Quando se trata de contemporizar acerca das horas que dispomos, algumas pendências não resolvemos, por falta de tempo ou de vontade. E vamos adiando sem previsão de acharmos tempo pra tirá-las da lista. Noutras o tempo demora pra passar. Falo das que antecedem certos eventos marcantes, como encontrar pessoas queridas, amigos e parentes que não conversamos há muito tempo. É nessas horas que ficamos aflitos, nos enchemos de ansiedade, temos até falta de ar. Queremos acelerar o relógio, ver o tempo voando na velocidade da luz, para que cheguem logo.
Há canções que lembram de momentos em que nosso cérebro desencuca, está plenamente seduzido, fora do controle do tempo. Assim ele raciocina em ”Ando meio desligado”, o belo hit dos Mutantes composto por Arnaldo Dias Baptista, Rita Lee Jones e Sergio Baptista. E que faz parte do LP “A Divina Comédia ou Ando Meio Desligado”, de 1970. “Ando meio desligado. Eu nem sinto meus pés no chão. Olho e não vejo nada. Eu só penso se você me quer. Eu nem vejo a hora de lhe dizer. Aquilo tudo que eu decorei. E depois o beijo que eu já sonhei. Você vai sentir, mas…Por favor, não leve a mal. Eu só quero que você me queira. Não leve a mal.”
Outras canções apontam fórmulas ou pedidos para encurtar o tempo de espera. Em 1985, liderado pela voz de Paula Toller, o Kid Abelha lança “Lágrimas e Chuva”. A canção de Leoni, George Israel e Bruno Fortunato aborda o amor desejado e esperado, que leva a noites de insônia, mas carrega a esperança de acontecer algo surpreendente no final. “A noite é muito longa. Eu sou capaz de certas coisas. Que eu não quis fazer. Será que existe alguém no mundo. Eu vou contando as horas. E fico ouvindo passos. Quem sabe o fim da história. De mil e uma noites. De suspense no meu quarto.”
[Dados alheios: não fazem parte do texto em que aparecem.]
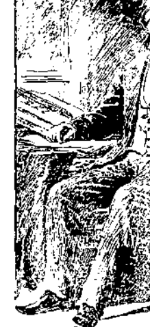
Portrait of a man, likely a high-ranking official.
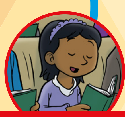
I can get ready to take the sacrament by . . .
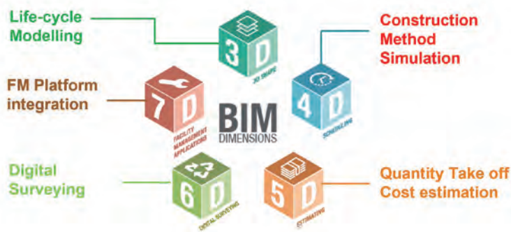
Figure 1: BIM Dimensions

Later, Mr Ng presented examples of BIM functions and how BIM supported 4D construction simulation, automatic drawing generation, 3D design reviews and coordination, 5D quantity takeoff and digital surveying, etc. He also introduced an online platform for BIM models that construction professionals could consult to support their work.
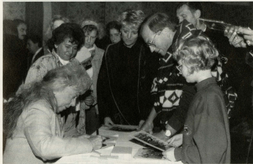
Rose Maddox signing autographs after concert in St. Poelten, Austria, 10/26/1993.
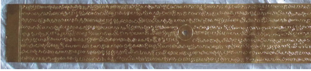
Fig. 2: Leaf of gold manuscript of the Pañcaviṃśatisāhasrikā Prajñāpāramitāsūtra , from Anurādhapura, Sri Lanka, ninth century. Colombo National Museum. Approximately 63 × 6 cm.

writings, although later than copper plates, are the lavish manuscripts of scriptures, like, for instance, tin manuscripts from Burma, or, possibly, the ninth-century gold manuscript of the Pañcaviṃśatisāhasrikā Prajñāpāramitāsūtra from Anurādhapura in Sri Lanka (Fig. 2). 15 As the central visible elements of a cult of the book, such manuscripts, like their lavish palm-leaf counterparts, can be exhibited, displayed and honoured, but are not meant to be read either. 16 We will see that copper-plate grants are sometimes buried too and that they are not meant in the first place to be read except when received by their owners or in case of legal disputes.
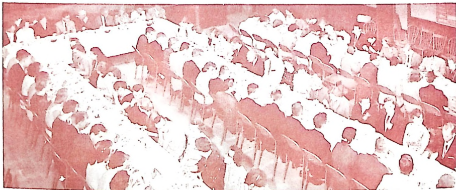
Orientation Banquet — Friday, September 7

Thus we thank God that He uses the testimony of His own! From Gypsy caravan to home church, to rural Sunday School, to busy city church—God has been using His servants to preach the gospel throughout this past summer. You have been praying; God has wonderfully answered. From our hearts there bursts forth the anthem of praise, "To God be the glory—great things He hath done."
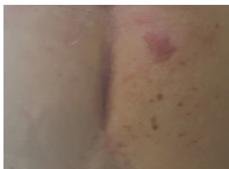
Figure 6: Red area in September 2018

Given I was up and about the day after surgery I was feeling a bit fragile and unable to perform normal pressure relief regime. The Vicair appears to have given the needed protection even though my movements been greatly reduced...I'm extremely happy as you can imagine, attached pics show botty day before surgery and last night!"
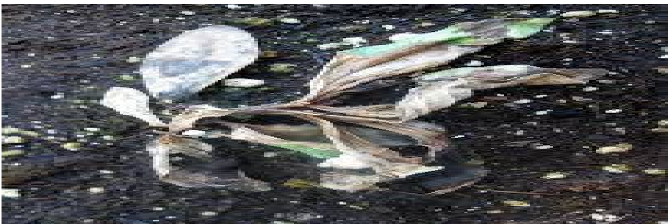
Fig 6: Ashen mold image
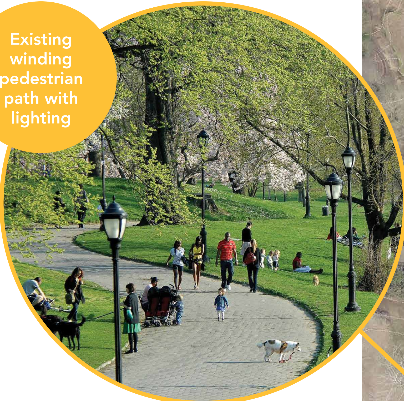
Existing winding pedestrian path with lighting
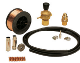
STEEL WELDING KIT FOR REFILLABLE BOTTLE 802148
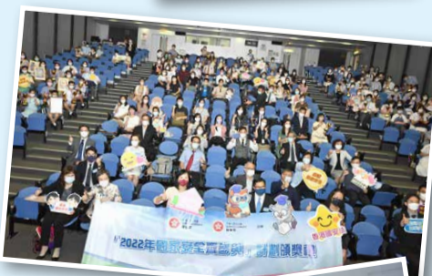
「2022年國家安全齊參與」計劃 "2022 Let's Join Hands in Safeguarding National Security" Programme
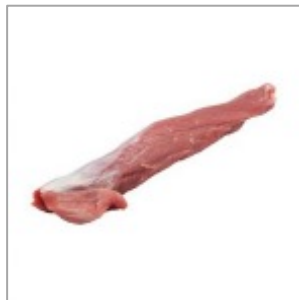
Frozen Pork Tenderloin (German Specification) Code: 1020853
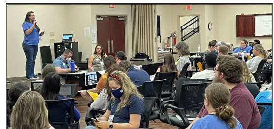
NEW EMPLOYEE ORIENTATION
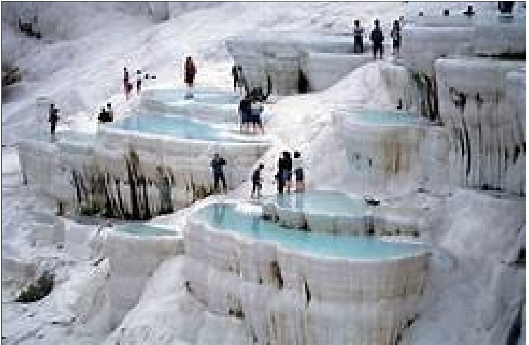
Pamukkale is Turkey's famous white "cotton castle" with natural mineral basins and bright blue pools.
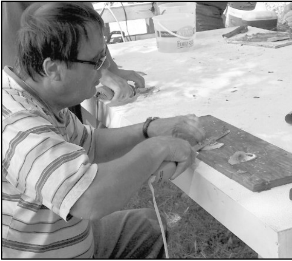
Big or little they all went to the fish cleaners for Wednesday nights fish fry.

programs, Ice Cream Social, Pictures of all the campers and staff, NASA Engineer, Pizzas and Dilly Bars, Smores, Fishing, Fish Cleaning, Fish Fry and Pop, Candy, Chips and Dip N' Dots. We also brought a crew in the week before camp to clean all of the cabins they would be using. Thank you to all of the Lions and friends who donated their time to this great camp.
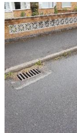
Alfresco (from LP2)

Em “Fico assim sem você”, os momentos de solidão longe da pessoa amada trazem uma reclamação direta ao marcador do tempo: ”Eu não existo longe de você. E a solidão é o meu pior castigo. Eu conto as horas pra poder te ver. Mas o relógio tá de mal comigo. Por quê, por quê?” A canção, de autoria de Abdulah e Cacá Moraes virou um dos sucessos da dupla Claudinho e Bochecha, no LP “Vamos dançar”, de 2002, mesmo ano do acidente que vitimou Claudinho. Dois anos passados e foi a vez de Adriana Calcanhoto fazer sua gravação. Mais um sucesso.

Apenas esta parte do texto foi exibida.